The contrast with Sidney is useful, in fact, because it suggests by what processes Shakespeare far surpassed his age. The greatest developments in the Elizabethan literary arts don’t take place at the centres of power, within the Court – however hard all writers struggled to get in. The real breakthroughs were with the excluded; they were acted out not in the Court but on the despised public stage; and of course depended above all on Shakespeare – whose private sonnets confront the themes of exclusion, dishonour, subordination. As love-poet, Shakespeare is one of the great losers, whose wry honour it is finally to be kind (Sonnet 125) to the mere successes, the ‘thrivors, in their gazing spent’ – ‘Pittifull thrivors’. In practical terms, this means not mere lament or complaint, but a continual heroic reassessment of what the excluded are left with – ‘Noe, I am that I am’: the self explored and understood always without dishonesty or disillusion. To some degree, the Court poet is prevented from this self-discovery by other terms of reference. Therefore, even as skilled and original a poet as Sidney is with all his talents a miniaturist, working in a world still essentially Medieval. His ‘psychological realism’, though fine, is external; his polite verbal people have no insides to their minds. If Shakespeare’s Sonnets, on the other hand, are difficult, it is because the writer is struggling in them to define, to realise and to come to terms with the whole dimension of internality that we think of as the possession of the modern world. If the Sonnets are, with their textual knots, their frightful metaphysical self-contradictions, the test of editors, the reason is that to the writer the wrestling ‘I’ and ‘Thou’ of love lock together in the same knots and self-contradictions: ‘Noe, I am that I am.’

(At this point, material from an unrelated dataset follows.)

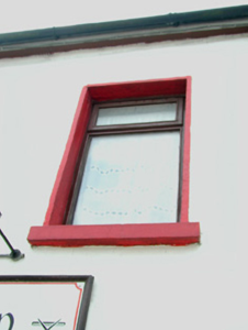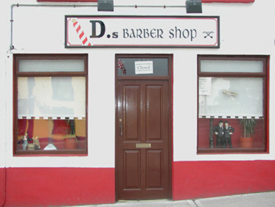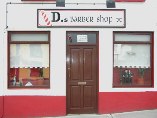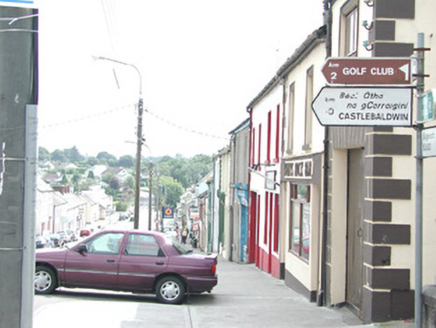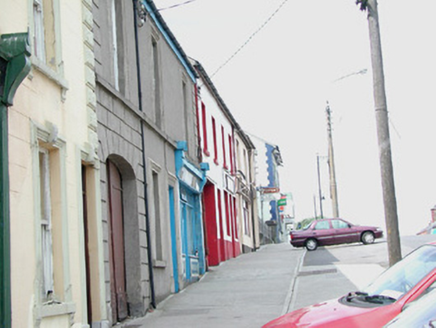 Terraced four-bay two-storey rendered former house, built c. 1880, now in use as barber's shop. Integral carriage arch to south, door to first floor living accommodation to north of arch. Pitched slate roof, clay ridge tiles, unpainted smooth-rendered corbelled chimneystacks, half-round cast-iron gutters on eaves corbel course, cast-iron downpipe. Painted ruled-and-lined smooth-rendered walling, painted quoins and plinth. Square-headed window openings, slightly-projecting smooth-rendered reveals, painted masonry sills, painted timber casement windows c. 1980. Square-headed door openings, hardwood doors each with four panels c. 1980, plain-glazed overlights. Painted timber shop sign c. 1990. Square-headed carriage-arch opening, painted timber vertically-sheeted double doors. Street fronted on incline, continuous roofline to north, step down to slightly-lower building to south.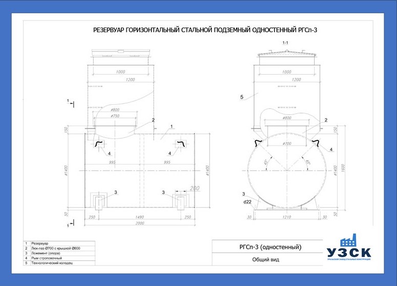 - РГСп-3: горизонтальный резервуар одностенный подземного расположения;

It is in the tragedies that Shakespeare most fully achieved this creation of human inwardness, the ‘I-am-that-I-am’ of character. Hamlet says, ‘To know a man well were to know himself [i.e. oneself],’ which sums up well enough what takes place in the Sonnets. But the tragedies are tragedies; they end unhappily. The Sonnets, too, probably disturb as much as they provoke admiration from the simple fact that this great poet of love comes more and more in these poems to define love as a loneliness. One of the greatest, 124 (‘Yf my deare love were but the childe of state’), calls love not ‘he’ or ‘she’ or ‘thou’, but it: and in the end makes ‘it’ seem the desperate generosity of the individual. Hence the total irony that closes this obscure poem, and that moves so deeply throughout the Sonnets; love ‘all alone stands hugely pollitick’.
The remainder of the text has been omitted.